AbEd Inquiry – Becoming Comfortable – Andrew Robson

When I initially found out I was going to have to start including Aboriginal Education in my practice I was slightly alarmed. I found myself asking two questions: why was I having to do this? And how was I going to do this? I was hesitant to try anything because it felt so unnatural and unauthentic. I also did not see why it was so important. However, as time has gone on I have come to appreciate it’s value. Through activities in module and through research I have done on my own time I have started to become more comfortable.

One of the biggest reasons I was intimidated by the idea of this was I felt like I didn’t know anything about our history. From activities we have done in module and articles I have read, I now feel as though I have a better understanding.  I took some time to watch Wab Kinew’s 8th fire documentaries they were great resource for me. I have documented some of the information I have gathered in this PowerPoint presentation.

Aboriginal Education Inquiry

I have started to try incorporating AbEd in the classroom as well. I have focused on using some of the First Peoples Principles of Learning.

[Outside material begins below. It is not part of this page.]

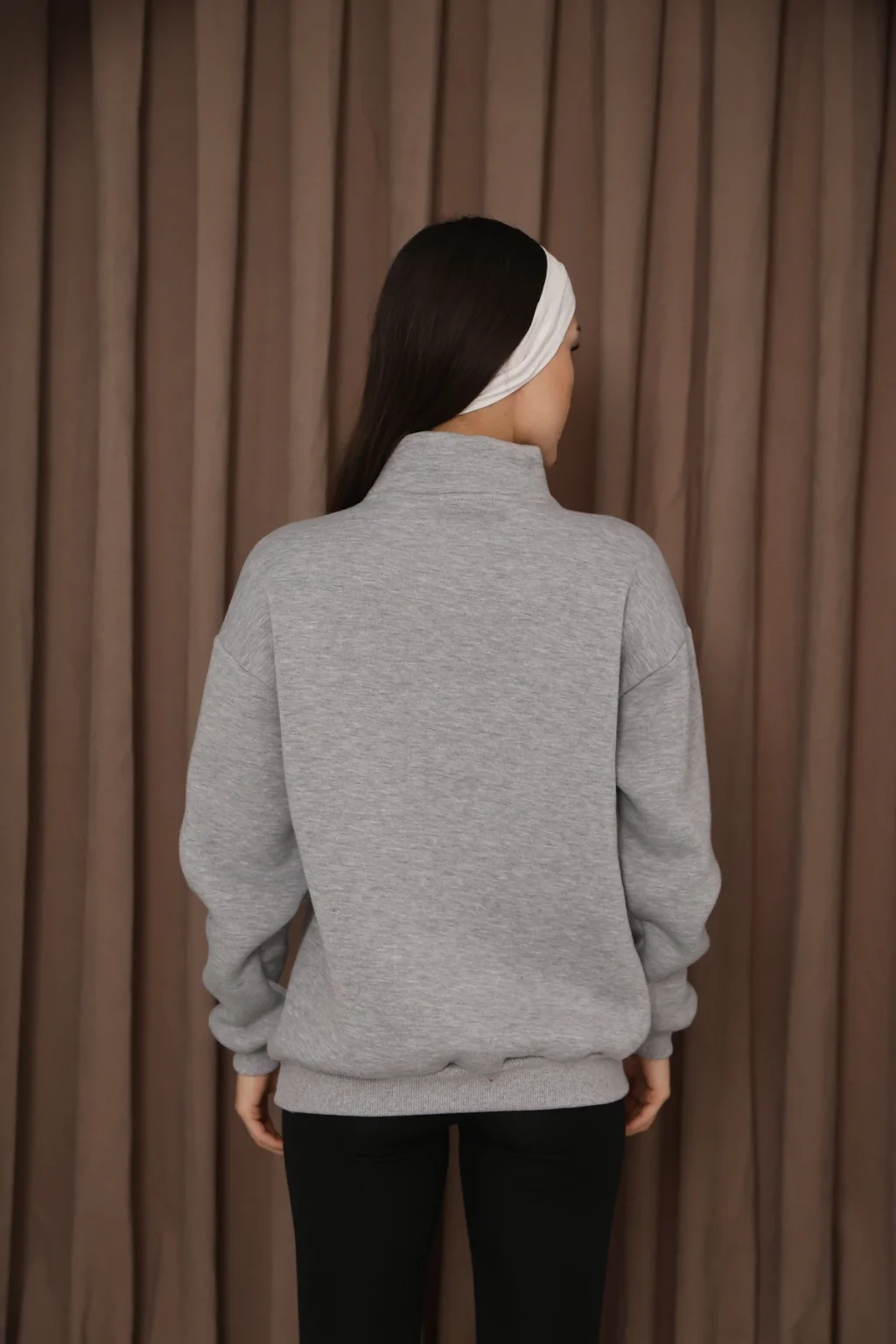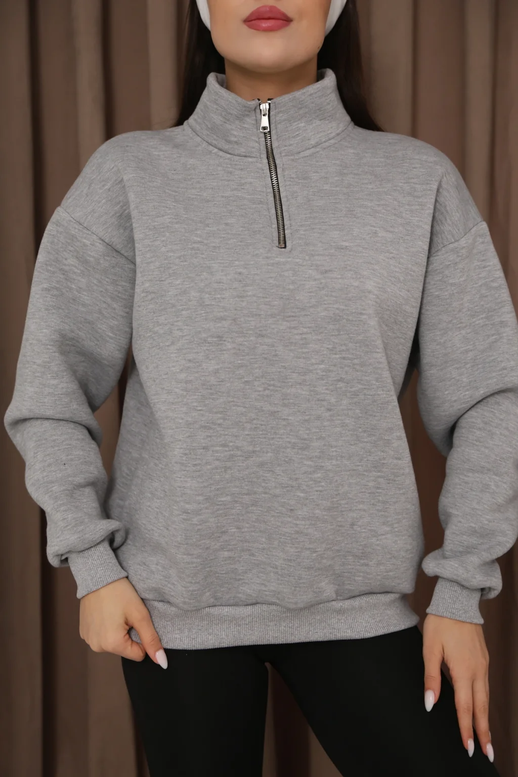 Dik Yakalı Yarım Fermuarlı Üç İplik Şardonlu Sweatshirt
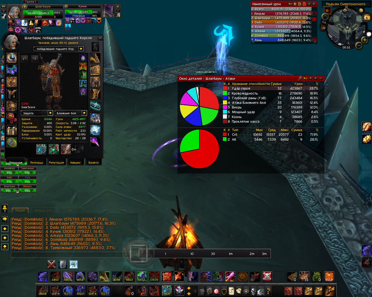 Как-то кисло...Одного уронили,босс отхилился на 5%,дпс немного снизился. Кстати,второй по дпсу вар одет в бис.

I was focusing on the second principle, making learning reflective and experiential. I was able to do this by creating a learning journal for my students. Roughly once a week I had students write a brief summary of what they know and what they are unsure of. It was an opportunity for them to evaluate their own learning process and reflect on what they had done.

Although right now AbEd is not as evident in my class as I would like it to be, it is something I plan to continue working on. I will continue to gather resources and look for ways that I can add it into my Science and PE units.

This will continue to be a work in progress for me.